We demonstrate the spectral and spatial reconfigurability of photonic crystal double-heterostructure cavities in silicon by microfluidic infiltration of selected air holes. The lengths of the microfluidic cavities are changed by adjusting the region of infiltrated holes in steps of several microns. We systematically investigate the spectral signature of these cavities, showing high Q-factor resonances for a broad range of cavity lengths. The fluid can be removed by immersing the device in toluene, offering complete reconfigurability. Our cavity writing technique allows for tolerances in the infiltration process and provides flexibility as it can be employed at any time after photonic crystal fabrication.
© 2008 Optical Society of America
Optofluidics is an emerging field of research that integrates microfluidics with nano-photonics.
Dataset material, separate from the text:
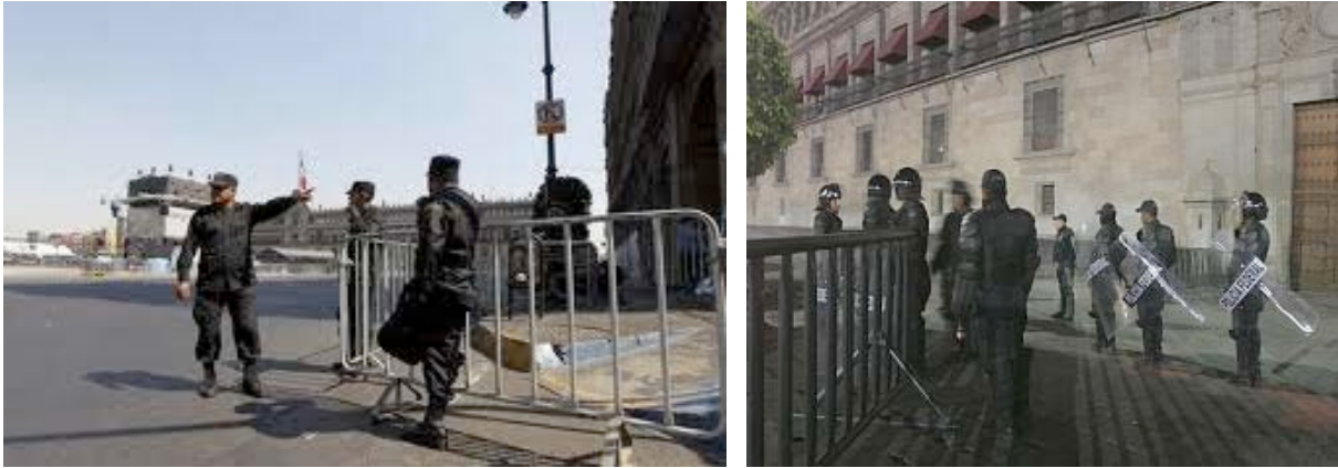
Vallas de seguridad y personal uniformado de vigilancia

Rescate, urgencias Médicas, Protección Civil (marcando rutas de evacuación), Bomberos y la Procuraduría General de Justicia del Distrito Federal etc. etc.,

Demonstrations of optofluidic devices exploit the characteristics of fluids to achieve dynamic manipulation of optical properties and reveal the promise for their widespread use [1, 2]. There is, on the one hand, a potential to realize highly sensitive integrated sensors [3–7], while on the other, a flexible means to write, tune or reconfigure photonic devices for a swathe of applications [8–15]. Recently there have been advances in the development of fully integrated microfluidic and photonic platforms [11–13]. In this regard, it has been shown that photonic crystals (PhCs) in general [6, 9, 12, 13] and PhC cavities in particular [3, 7, 10, 15–17] can be advantageously exploited within optofluidic architectures. The latter is due to the potentially high light-liquid interaction that occurs when infiltrating the air holes that typically surround and/or form the PhC cavity.
PhC cavities have received much interest in recent years due to their ability to strongly confine light on the wavelength scale [18, 19]. This capability promotes their use in numerous applications, including channel-drop filters  and optical switching . PhC cavities are created by altering the periodicity of the PhC through the introduction of a defect (such as removal or positional shift of air holes). Song et al. demonstrated more recently “double-heterostructure” (DH) PhC cavities , where two PhC geometries containing slightly different lattice parameters are combined. This is done in such a way that light is spatially confined within the central section of the PhC where the effective refractive index is larger. However, all these approaches present certain drawbacks when combining the generated PhC cavity with microfluids. First, this requires precise alignment between the micro-scale defect forming the PhC cavity and the liquid to be infiltrated; or alternatively demands a large amount of liquid which is not practical in many sensing applications. Second, the properties of PhC cavities are static when geometry-based, lacking flexibility. Lastly, the Q-factor of the geometry-based PhC cavity is typically degraded after the infiltration step , which is detrimental to the performance in both the sensing and optical device regimes.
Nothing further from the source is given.